The following is a story from a partner in Asia.
“If you’re rich it’s a comfortable life here” our neighbours were telling each other. “If you need anything, you just say the word, and you have it!” I know they were talking about us. It’s hard to hide our relative wealth, and living here makes us think twice before using it.
Like that time my wife was baking biscuits when our next-door neighbour barged into the kitchen and poured out all her money woes. It was an attempt to follow orders from home to “Eat more! You’re looking skinny!” but suddenly my wife was conscious of all the margarine, flour, sugar and oats laid out before her, while our friend wept about the cost of milk for her baby grandson. She was intending to add some of that whopping bar of Whittaker’s Chocolate recently brought over by a friend. We’d been saving it in the chilli bin, but she couldn’t bring herself to get it out of in front of our distraught neighbour. And so later we munched the dry, dull biscuits with a cup of tea, grumbling about the hardships we endure. In an almost comic rebuke of our ‘luxury,’ the remaining biscuits were eaten by rats and ants that night.

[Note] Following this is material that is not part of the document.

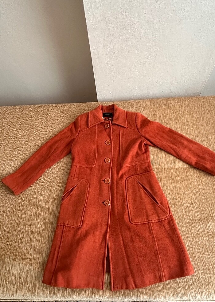 La Luce somon renkli kaban 38 beden ama 40 bedene de oluyor. Yaka dikiş yerinden boy 85 cm, omuz 42 cm, iki koltuk arası 50 cm, bel 47 cm, kol boyu 60 cm

The neighbours’ descent into poverty began (so it appears) when their grandson was born. Paying around $8 every five days for baby formula slowly depleted the capital of their shop over the last six months, until it was barely operational. However they tell a different story. “We are being bewitched. An evil person is using magic against us, and inciting spirits to steal our money.” Our vocab isn’t quite up to this line of discussion so we’re still hazy on the details. “We’re like that: always trying to bring each other down to get ahead. Not like you Christians – you help each other.” Convinced their house is cursed, they are currently rebuilding in a different community.
Their financial woes motivated us to seek out a Christian NGO specialising in microfinance. Initial meetings have been very positive, and many of our neighbours are interested in their low interest rates (as opposed to 20%+ from the usual loan peddlers) with accompanying small-business training. In a fortuitous turn of events, the NGO discovered that our community was the ideal place to pilot their plans for a sewing business project, and that my wife would be the ideal trainer for a group of local women to make this happen. It helps that we can also connect them with the adjacent charity school that have several sewing machines already.